Chinese equipment vendor ZTE has become a member of the board of directors of the LoRa Alliance, which is promoting the worldwide development of low-power wide-area network (LPWAN) technologies using its own LoRaWAN system.

Liu Jianye, ZTE’s GM for energy and IoT innovation, will serve as its representative on the board.

Prior to joining the board, ZTE, together with 20 partners, sponsored the China LoRa Application Alliance (CLAA), which works to promote the use of LoRa technologies in industry verticals and develop LoRa standards and specifications.

In four months, CLAA has recruited more than 40 full members and many IoT companies have submitted applications to join the alliance, ZTE said.

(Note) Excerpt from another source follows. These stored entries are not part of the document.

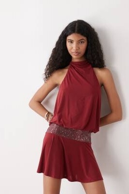 Мини-платье с завязками на шее и кружевным поясом
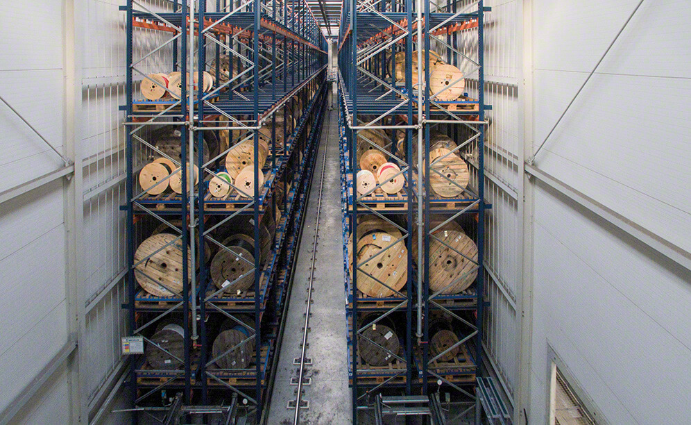 In Sector 5, there is an aisle with racks on both sides to store reels on pallets. Along the aisle is a stacker crane responsible for automatically moving the goods from the conveyors to the locations and vice versa.
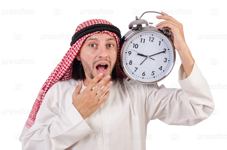 Араб в концепции времени на белом фоне
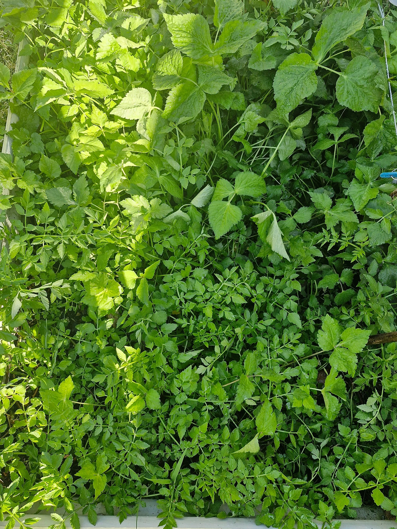 미나리는 엄청 번지는 식물이라 겨울 동안 가든베드 하나를 미나리에게 제공했더니 금세 이렇게 풍성해졌다.
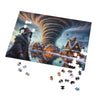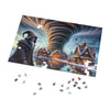 Plongez dans « Holiday Havoc : The Twister of the North » avec ce puzzle captivant de 1 000 pièces. Une scène tout droit sortie d'un conte fantastique hivernal se déroule, mettant en scène un personnage mystérieux enveloppé dans un manteau en lambeaux, le regard fixé sur une imposante tornade qui spirale au milieu d'un village festif. Le tourbillon chaotique disperse la joie des fêtes dans un tourbillon de cannes de bonbon, d'ornements et de flocons de neige, tandis que la ville tranquille en contrebas brille chaleureusement avec les lumières de la fête. Cette image saisissante allie l’esprit joyeux de la période des fêtes avec une touche de chaos palpitant, créant une expérience déroutante aussi stimulante qu’enchanteresse. Parfait pour ceux qui aiment le côté fantastique des vacances d'hiver, ce puzzle mettra non seulement vos compétences à l'épreuve, mais deviendra également une pièce maîtresse de conversation pour votre décor de vacances.
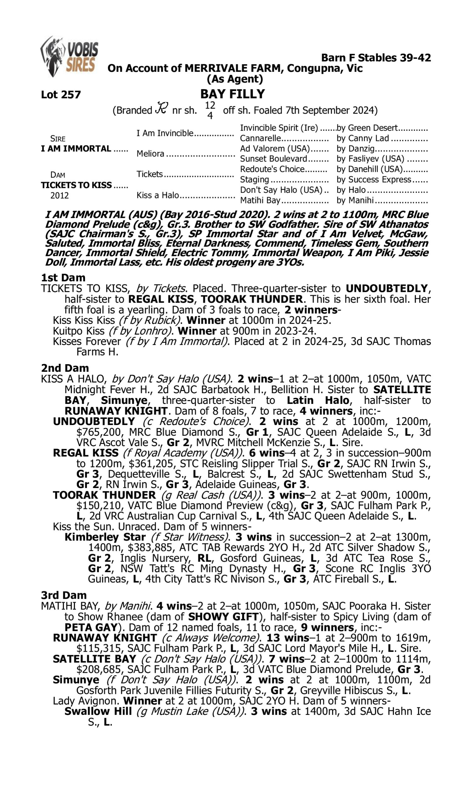 Pedigree for Lot 256 Spirit of Boom - Thuwaany
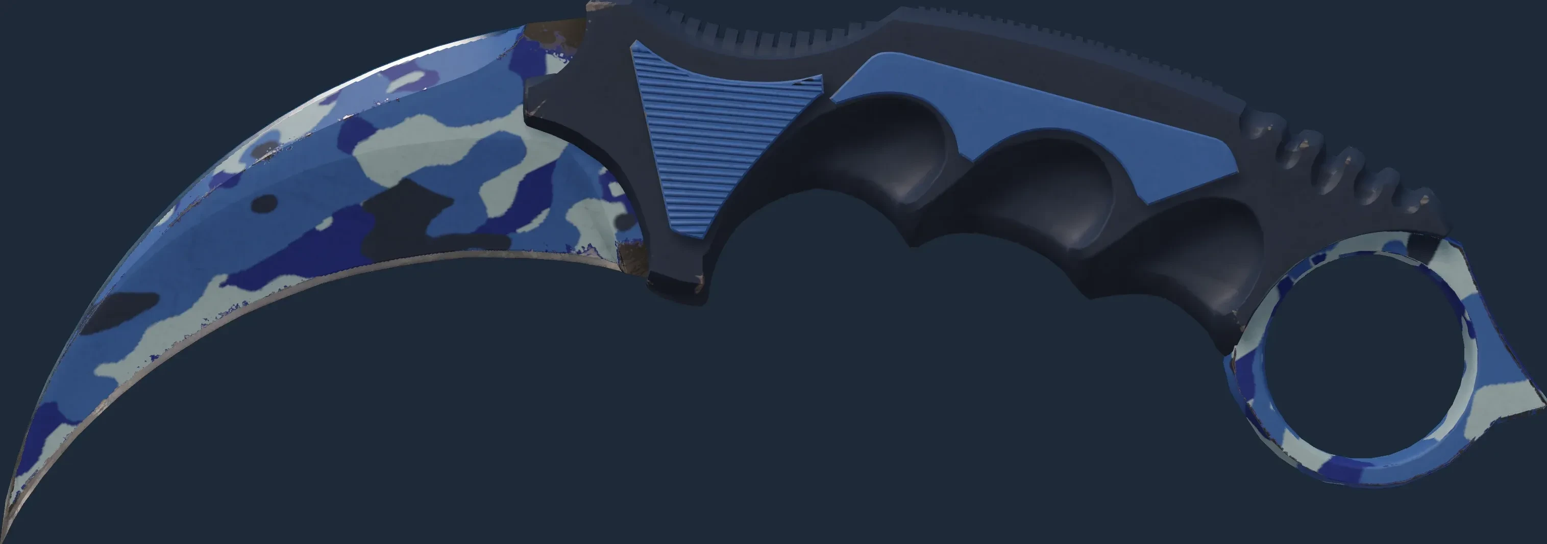 The Karambit | Bright Water is a Covert grade skin for the Karambit in Counter-Strike 2. It features a Custom Paint Job finish and was designed by Valve.
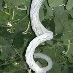 蛇瓜一年生攀援藤本;茎纤细,多分枝,具纵棱及槽,被短柔毛及疏被长柔毛状长硬毛。蛇瓜的根系发达,侧根多,易生不定根,茎蔓细长,长可达5~8米,茎五棱、绿色,分枝能力强,叶片绿色,掌状深裂,裂口较圆,叶面有细绒毛,花冠白色,花单性,雌雄同样异化,雄花多为总状花序,蕾期为青绿色,将开时浅黄绿色,雄花的发生早于雌花,一般雌花于主蔓20~25节处开始着生,以后主蔓、侧蔓均能连续着生雌花。
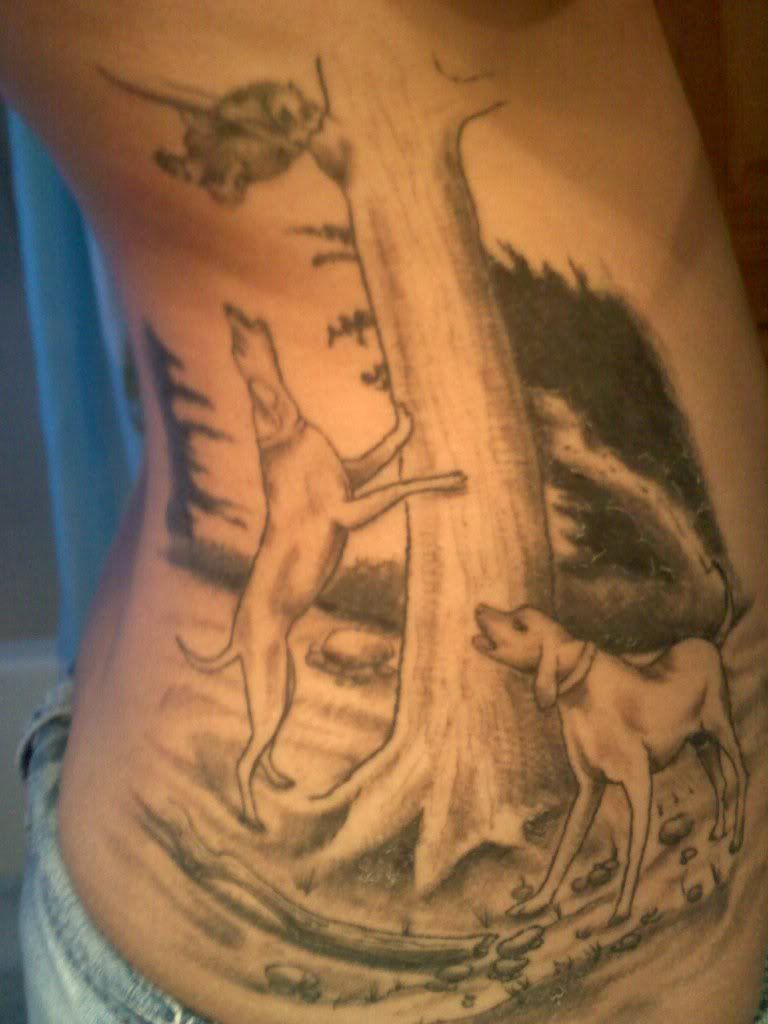 those are pretty cool amber!!! im planning on taking a picture of Thunder treeing and having them scetch him out so it wont be just any dog tattood on me, it will be him. planning on getting it in the next few months
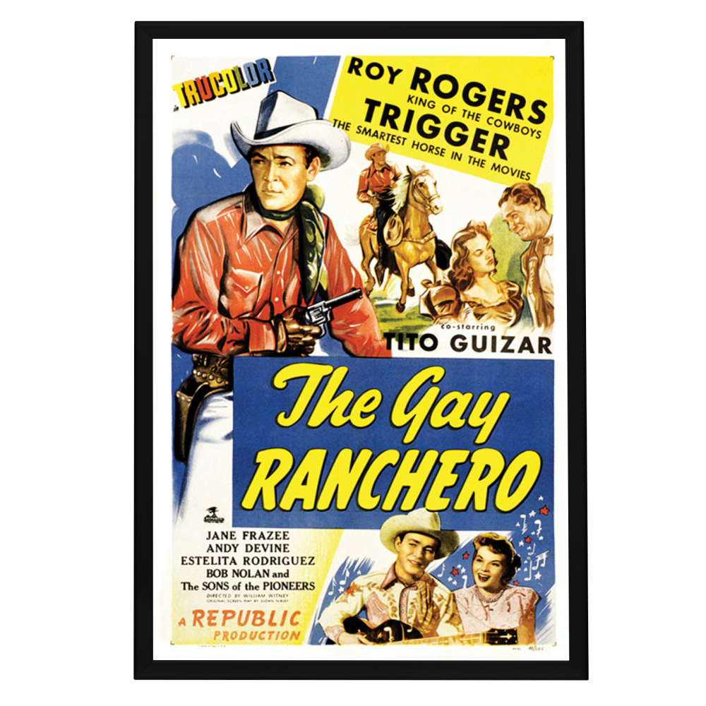 The fusion of the "Gay Ranchero" poster with the Snapezo frame creates a sophisticated piece of wall art that transcends time. Not only does it make a perfect gift for Western aficionados, but it also serves as an eye-catching piece for movie-themed decor, adding a touch of vintage Hollywood to any setting.

CLAA has issued carrier-class specifications regarding numbering rules, frequency usage, extension of the MAC layer and server open interface. Based on the specifications, members have developed network solutions covering modules, nodes, base stations, network servers, application servers and security servers.

LoRa is just one technology option for the deployment of low power wide area networks. Alternatives include Sigfox, as well as RPMA technology from Ingenu. And the mobile community is rallying around NB-IoT, which is expected to be officially ratified as a standard by the 3GPP this week.

ZTE is supporting both LoRa and NB-IoT. Its LoRa statement this week said it is also “taking positive steps to fully realise the commercial use of [NB-IoT] terminal chips, networks and applications.”

Earlier this month it showcased NB-IoT technology at China Mobile’s 5G innovation laboratory.